Sourcing and capacity
While Terviva is currently sourcing pongamia beans from India as it builds up a domestic network of growers, it has built an IP platform around high-yielding pongamia trees coupled with propagation techniques that deliver scalable, consistent crops in a variety of locations including Florida (where it partners with fruit growers devastated by citrus greening disease) and Hawaii (on land previously dedicated to sugarcane), said Sikka.
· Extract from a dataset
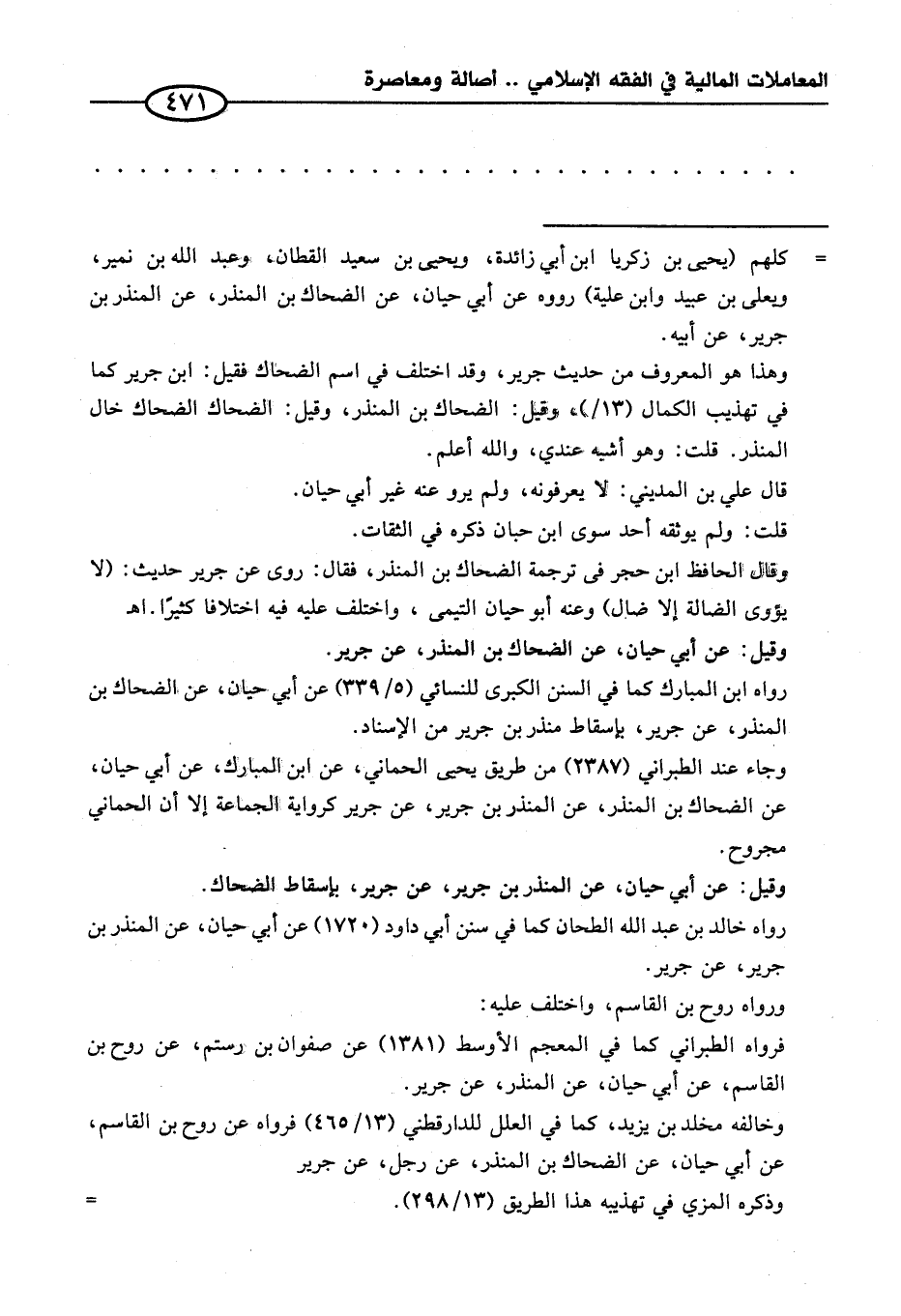 = كلهم (يحيى بن زكريا ابن أبي زائدة، ويحيى بن سعيد القطان, وعبد الله بن نمير، ويعلى بن عبيد وابن علية) رووه عن أبي حيان، عن الضحاك بن المنذر، عن المنذر بن جرير، عن أبيه.

“In India the trees are grown with no fertilizer, no extra water, so they are actually zero input. When we grow the trees in more traditional agriculture settings in Florida and Hawaii, we try to do the same thing, and importantly, we spray no chemicals on these trees, but we add a little supplemental fertilizer.
"We have close to 1,500 acres planted right now in that 2-4-year stage of life [it takes around four years before the trees start producing beans for harvesting].
“We're all about decarbonizing food and agriculture, about making climate resilient food ingredients, helping communities that have poor quality land.”
From a regulatory perspective, Terviva is putting together GRAS determinations for its ingredients to access the US market, and is working through the relevant regulatory frameworks in several other markets, said Astwood.
"We are in good shape and have already published the core safety elements of the assessment food and chemical toxicology."
EDITOR’S NOTE: Terviva and Ciranda representatives will be available in booth #1928 (Ciranda) and #1775 (Terviva) to sample Ponova oil at the Supply Side West trade show November 2-3 in Las Vegas.